Luck. Pure and simple. Like winning the lottery. I can’t explain it and neither can you—if you have the awesomest story ever, and the most brilliant illustrations, but sometimes that just can’t compare to this type of luck.

What does this mean? Not a thing. It certainly doesn’t mean you can’t or shouldn’t write or draw or try to sell books—that won’t get you a darned thing, and that’s for sure. Keep trying, keep working on it—why?

Because that’s who you are.

 

 

 

Writer Wednesday—How to Write a Book


Here you go, the handy dandy guide to writing that book you were always planning:

  1. Have a story
  2. Write it down
  3. Check for plot consistency
  4. Check for mechanical errors
  5. Let someone read it.
  6. Make any necessary changes

Simple, right?

Everyone has a story, their own story; some people come up with other stories—which are really just big what-ifs. What if this happened, or that, and how would it progress, and how would it end? Ideas can come from anywhere at all: dreams, real-life occurrences, and just plain daydreaming.

Now for the hard part—writing it down. You don’t have to write a certain number of words each day, and you don’t have to write every day, and you don’t have to write at the same time every day. However, if you skip more than a day or two, you run the risk of getting out of the habit of writing, and while that won’t necessarily preclude your finishing the book, it will extend the time it takes.
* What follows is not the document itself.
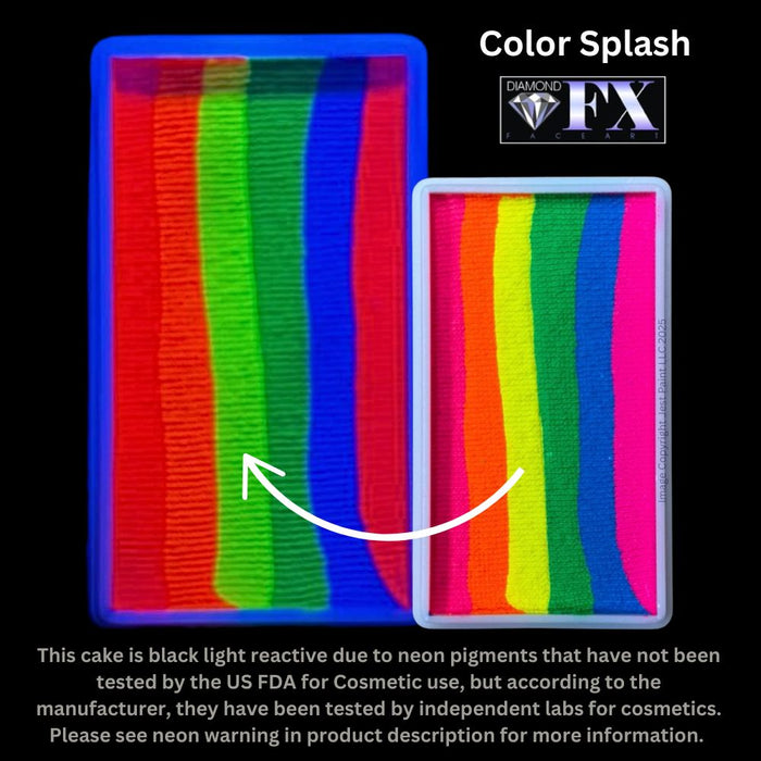 Color Splash is perfect for creating bold looking rainbows that will glow under black lights and create an awesome effect. Take it to your next rave or black light party and stand out! All Diamond FX small rainbow cakes are perfect to create fast and easy designs in just a few strokes of your brush! Your designs will look glow in the dark next to the black lights!

You might want to also make notes, or a timeline, as you go or even before you start.

After you’ve finished, and I don’t care what NaNoWriMo says, a novel is NOT 50K words, it’s almost twice that, at minimum, read it back over again to make sure you wound up all the loose ends and didn’t change someone’s name or description in the middle.

Make sure it’s believeable, as any good story is, and be sure you haven’t inadvertently used some colloquialism or slang term specific to your region, your family, or your business. Historical facts and actual places should, to a point, be accurate insofar as general readership is concerned.

Once you’ve made any changes, read it over again to check for mechanical errors: spelling, punctuation, grammar, etc. Fix them.

Now you can send it to someone to read—or several someones. Make notes of their feedback, and decide if you want to change anything.

There you go—you’re finished. You wrote a book. Congrats!